Elastic Scattering: $φ_{k, ℓ, m} (\vec{r}) \sim \exp (i k z) + f_{k} (θ, φ) \exp (i k r) / r \sim \sum_{ℓ = 0}^{\infty} i^{ℓ} \sqrt{4 π (2 ℓ + 1)} Y_{ℓ}^{0} (θ) \cdot \frac{1}{2 i k r} (\exp (i (k r - ℓ π / 2) \exp (2 i δ_{ℓ}) - \exp (- i (k r - ℓ π / 2))))$ . Where $\exp (- i (k r - ℓ π / 2))$ is the incoming wave and $\exp (i (k r + ℓ π / 2))$ is the outgoing wave.

(Inelastic with absorption) Now we will consider when $δ_{ℓ}$ is complex, hence it has a lossy imaginary part.

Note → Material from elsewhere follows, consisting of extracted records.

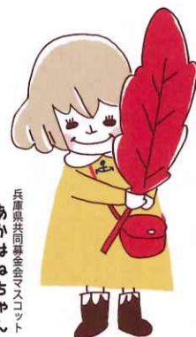
兵庫県共同募金マスコット あかはねちゃん

社会福祉法人兵庫県共同募金会 神戸市垂水区共同募金委員会 TEL.708-5151内線358
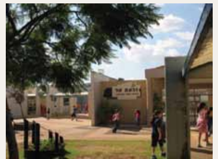
בי"ס "גבעת טל"
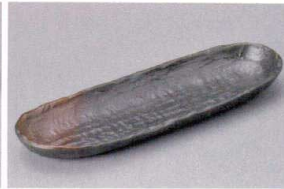
23504-511 黒備前風トレー 1,100円 (30.4×9.7×3cm)
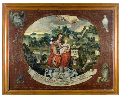
Tableau : Saint Joseph au désert de Marlagne (Crans, église Saint-Antoine-de-Padoue).
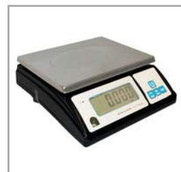
Balanza solo peso
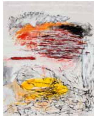
Mi eterno retorno. La contradicción nuestra de cada día. 120 x 150 cm.
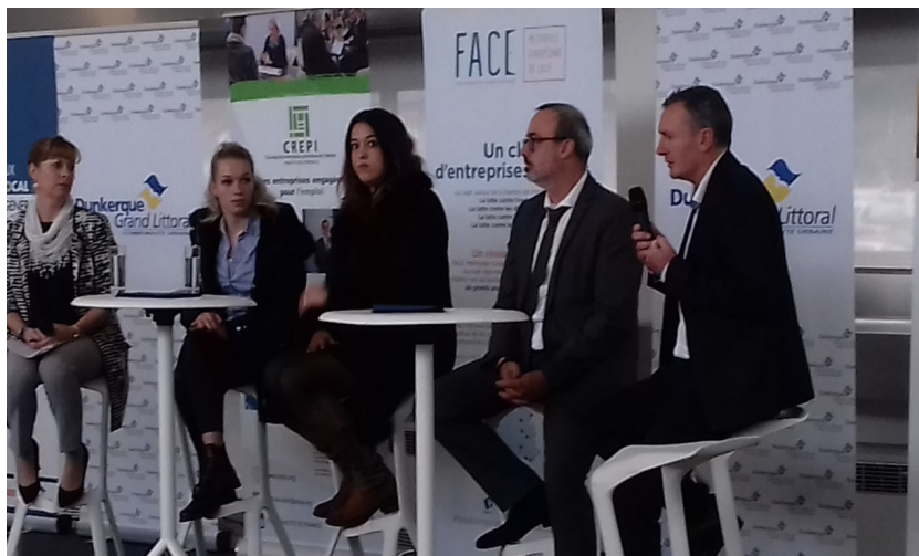
De nouvelles entreprises signataires du PAQTE- CAP DUNE et AXIAN
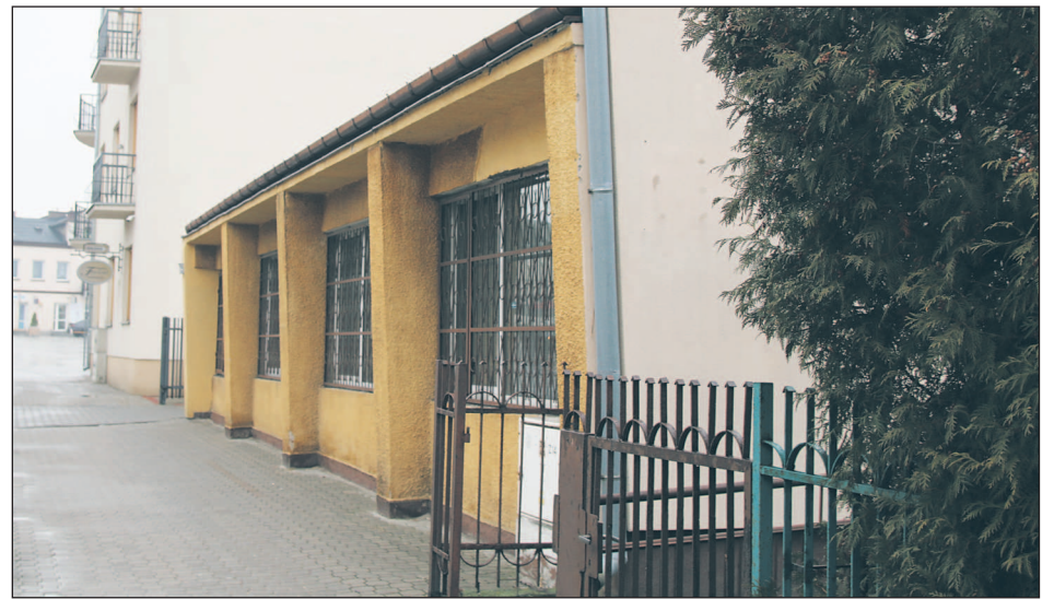
Trwa już rozbiorczy dawnej siedziby MOPS

Wybrany w przetargu wykonawca rozbiorczy, firma APG Invest, deklaruje, że wykona
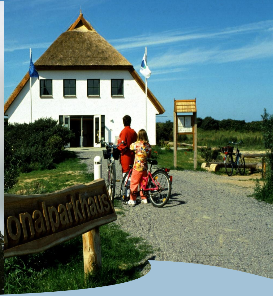
Nationalpark Vorpommersche Boddenlandschaft Besuchereinrichtungen in Barhöft und Vitte/Hiddensee
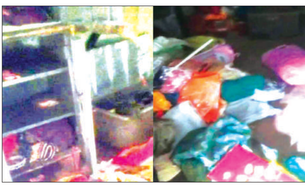
टूटी सेफ व बिचरा पड़ा सामान

चोरों ने एक घर को निशाना बनाते हुए जेवरात किये पार
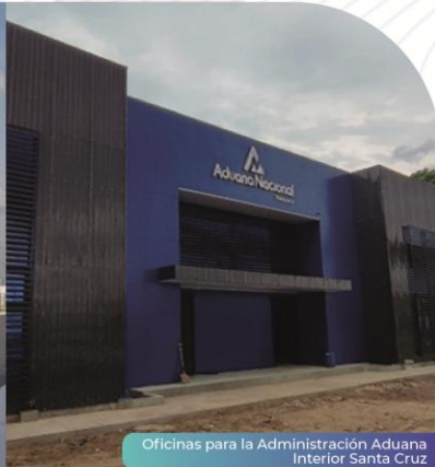
Oficinas para la Administración Aduana Interior Santa Cruz
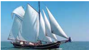
Südholland, Niederlande - NL-2315-01
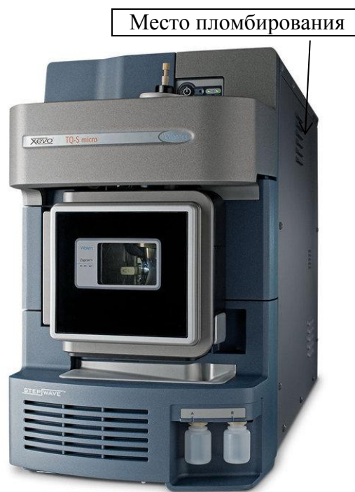
Рисунок 3 - Внешний вид масс-спектрометра Xevo TQ-S Micro
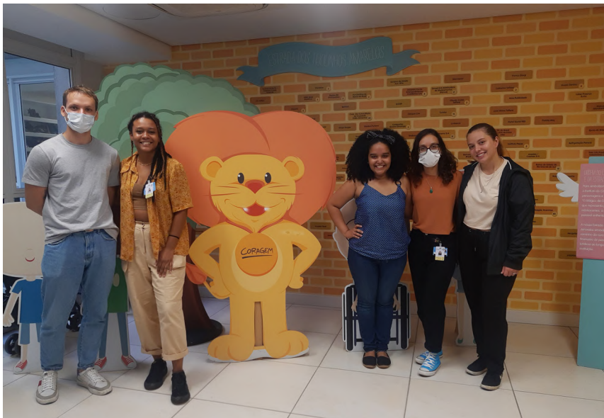
Visita ao Instituto de Câncer Infantil de Porto Alegre.
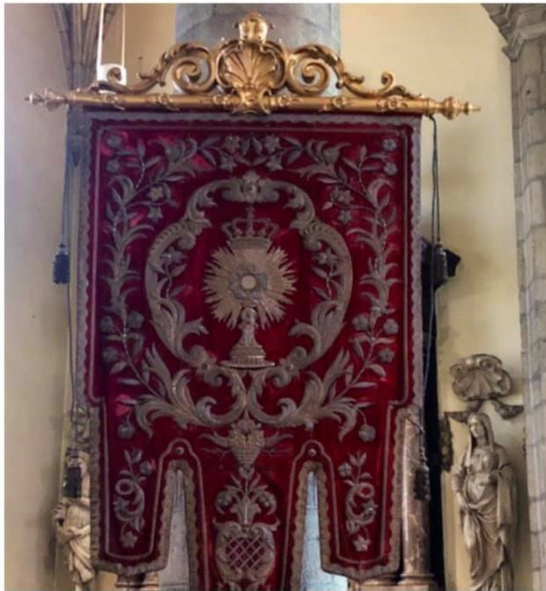
MEER DAN DRIE EEUWEN GELOOF, TRADITIE EN DEVOTIE VOOR DE HEER DIE ONS NABIJ BLIJFT ONDER DE EUCHARISTISCHE GEDAANTEN VAN BROOD EN WIJN

De Confrérie van het Allerheiligste Sacrament is de oudste nog bestaande vereniging van Sint Niklaas en telt een 70-tal leden.
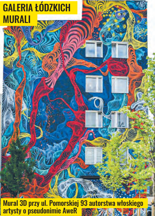
Mural 3D przy ul. Pomorskiej 93 autorstwa włoskiego artysty o pseudonimie AweR
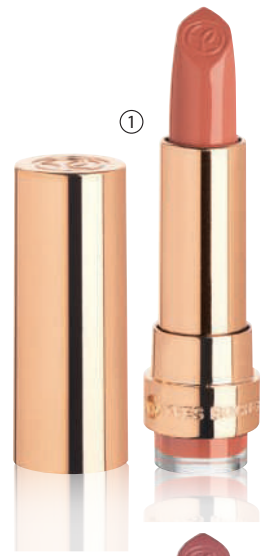
① GRAND ROUGE, 3,7 g - 1400L

Let $η_{ℓ} \equiv \exp (2 i δ_{ℓ})$ now $| η_{ℓ} |^{2} \leq 1 = \exp (- 4 ℑ δ_{ℓ})$ .

Now we have,

\begin{aligned} φ_{k, ℓ, m} (\vec{r}) & \sim \exp (i k z) + f_{k} (θ, φ) \exp (i k r) / r \\ \sim \sum_{ℓ = 0}^{\infty} i^{ℓ} \sqrt{4 π (2 ℓ + 1)} Y_{ℓ}^{0} \frac{\sin (k r - ℓ π / 2)}{k r} + \sum_{ℓ = 0}^{\infty} i^{ℓ} \frac{\sqrt{4 π (2 ℓ + 1)}}{2 i k} Y_{ℓ}^{0} (η_{ℓ} - 1) (- i)^{ℓ} \frac{\exp (i k r)}{r} \\ (1) & \sim \sum_{ℓ = 0}^{\infty} i^{ℓ} \sqrt{4 π (2 ℓ + 1)} Y_{ℓ}^{0} \frac{\sin (k r - ℓ π / 2)}{k r} + \sum_{ℓ = 0}^{\infty} \frac{\sqrt{4 π (2 ℓ + 1)}}{2 i k} Y_{ℓ}^{0} (η_{ℓ} - 1) \frac{\exp (i k r)}{r} \end{aligned}

Then,

\begin{matrix} (2) & f_{k} (θ) = \sum_{ℓ = 0}^{\infty} \sqrt{4 π (2 ℓ + 1)} Y_{ℓ}^{0} (θ) \frac{η_{ℓ} - 1}{2 i k} \end{matrix}

Which gives,

\begin{matrix} (3) & σ_{t o t} = \frac{π}{k^{2}} \sum_{ℓ = 0}^{\infty} (2 ℓ + 1) | 1 - η_{ℓ} |^{2} \end{matrix}

For elastic scattering, $| 1 - η_{ℓ} |^{2} = (1 - \exp (2 i δ_{ℓ})) (1 - \exp (- 2 i δ_{ℓ})) = 2 (1 - \cos (2 δ_{ℓ})) = 4 \sin^{2} δ_{ℓ}$ .

This gives us the optical theorem for elastic scattering,

\begin{matrix} (4) & σ_{t o t}^{(s c a t)} = \frac{4 π}{k} ℑ f_{k} (0) . \end{matrix}

If we consider a fully absorbing target, then we get $σ_{t o t}^{(s c a t)} = \frac{π}{k^{2}} \sum_{ℓ = 0}^{\infty} (2 ℓ + 1)$ .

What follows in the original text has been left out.